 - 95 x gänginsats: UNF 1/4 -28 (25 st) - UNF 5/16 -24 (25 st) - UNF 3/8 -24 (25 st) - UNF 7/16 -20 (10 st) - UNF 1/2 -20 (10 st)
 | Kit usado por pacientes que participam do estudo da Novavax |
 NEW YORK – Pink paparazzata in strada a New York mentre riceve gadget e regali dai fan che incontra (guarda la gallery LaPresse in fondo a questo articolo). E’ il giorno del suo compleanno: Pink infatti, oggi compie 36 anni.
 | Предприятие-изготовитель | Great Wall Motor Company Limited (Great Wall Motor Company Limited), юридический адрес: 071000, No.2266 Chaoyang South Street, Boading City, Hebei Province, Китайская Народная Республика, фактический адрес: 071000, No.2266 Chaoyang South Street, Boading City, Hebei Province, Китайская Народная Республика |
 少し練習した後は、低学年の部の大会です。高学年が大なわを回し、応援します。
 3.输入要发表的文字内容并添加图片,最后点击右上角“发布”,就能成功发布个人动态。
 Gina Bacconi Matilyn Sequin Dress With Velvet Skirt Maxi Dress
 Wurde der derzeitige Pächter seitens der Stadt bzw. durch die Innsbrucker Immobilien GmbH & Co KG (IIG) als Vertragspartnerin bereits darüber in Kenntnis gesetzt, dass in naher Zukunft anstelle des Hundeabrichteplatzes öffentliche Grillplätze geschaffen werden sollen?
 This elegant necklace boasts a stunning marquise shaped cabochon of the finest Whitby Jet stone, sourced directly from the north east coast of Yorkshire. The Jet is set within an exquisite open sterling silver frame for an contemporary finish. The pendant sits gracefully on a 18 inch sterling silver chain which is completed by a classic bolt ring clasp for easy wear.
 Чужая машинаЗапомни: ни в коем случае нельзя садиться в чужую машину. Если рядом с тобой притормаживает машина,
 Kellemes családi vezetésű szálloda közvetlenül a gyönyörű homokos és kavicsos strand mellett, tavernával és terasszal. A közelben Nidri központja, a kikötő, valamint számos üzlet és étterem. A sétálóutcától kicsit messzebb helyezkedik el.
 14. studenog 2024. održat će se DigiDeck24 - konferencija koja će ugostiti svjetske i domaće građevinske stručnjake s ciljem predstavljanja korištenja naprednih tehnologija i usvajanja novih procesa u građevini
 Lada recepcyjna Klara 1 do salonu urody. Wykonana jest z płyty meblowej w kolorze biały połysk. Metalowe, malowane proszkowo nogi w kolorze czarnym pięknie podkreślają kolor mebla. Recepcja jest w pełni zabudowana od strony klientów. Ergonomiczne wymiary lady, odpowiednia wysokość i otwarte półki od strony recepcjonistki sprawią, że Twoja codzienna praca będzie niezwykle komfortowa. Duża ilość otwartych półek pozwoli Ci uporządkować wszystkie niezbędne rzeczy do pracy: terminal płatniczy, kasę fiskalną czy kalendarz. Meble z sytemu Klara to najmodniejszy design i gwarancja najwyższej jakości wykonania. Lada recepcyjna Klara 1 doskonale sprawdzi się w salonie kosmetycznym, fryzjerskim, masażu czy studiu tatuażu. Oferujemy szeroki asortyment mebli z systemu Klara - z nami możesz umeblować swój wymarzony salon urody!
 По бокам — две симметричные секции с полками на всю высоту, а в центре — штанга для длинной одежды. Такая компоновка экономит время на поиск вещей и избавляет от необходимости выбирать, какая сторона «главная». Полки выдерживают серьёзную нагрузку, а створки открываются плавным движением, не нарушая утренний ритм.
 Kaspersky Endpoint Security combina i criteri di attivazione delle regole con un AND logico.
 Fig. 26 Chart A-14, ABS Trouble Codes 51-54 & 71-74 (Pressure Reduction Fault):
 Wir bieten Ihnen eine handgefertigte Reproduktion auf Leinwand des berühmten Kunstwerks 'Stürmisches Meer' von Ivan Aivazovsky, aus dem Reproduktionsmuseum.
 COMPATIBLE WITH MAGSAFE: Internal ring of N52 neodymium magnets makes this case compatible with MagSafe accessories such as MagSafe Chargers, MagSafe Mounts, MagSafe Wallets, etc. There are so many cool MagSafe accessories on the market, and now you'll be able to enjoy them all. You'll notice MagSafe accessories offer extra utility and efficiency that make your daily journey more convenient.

**PROBLEM REQUIREMENTS:**
Within the listing above, give again exactly every line from the line with "This elegant necklace" through the line with "Kellemes családi vezetésű", both included, and no other line.

**RESULT OF THE TASK:**
 This elegant necklace boasts a stunning marquise shaped cabochon of the finest Whitby Jet stone, sourced directly from the north east coast of Yorkshire. The Jet is set within an exquisite open sterling silver frame for an contemporary finish. The pendant sits gracefully on a 18 inch sterling silver chain which is completed by a classic bolt ring clasp for easy wear.
 Чужая машинаЗапомни: ни в коем случае нельзя садиться в чужую машину. Если рядом с тобой притормаживает машина,
 Kellemes családi vezetésű szálloda közvetlenül a gyönyörű homokos és kavicsos strand mellett, tavernával és terasszal. A közelben Nidri központja, a kikötő, valamint számos üzlet és étterem. A sétálóutcától kicsit messzebb helyezkedik el.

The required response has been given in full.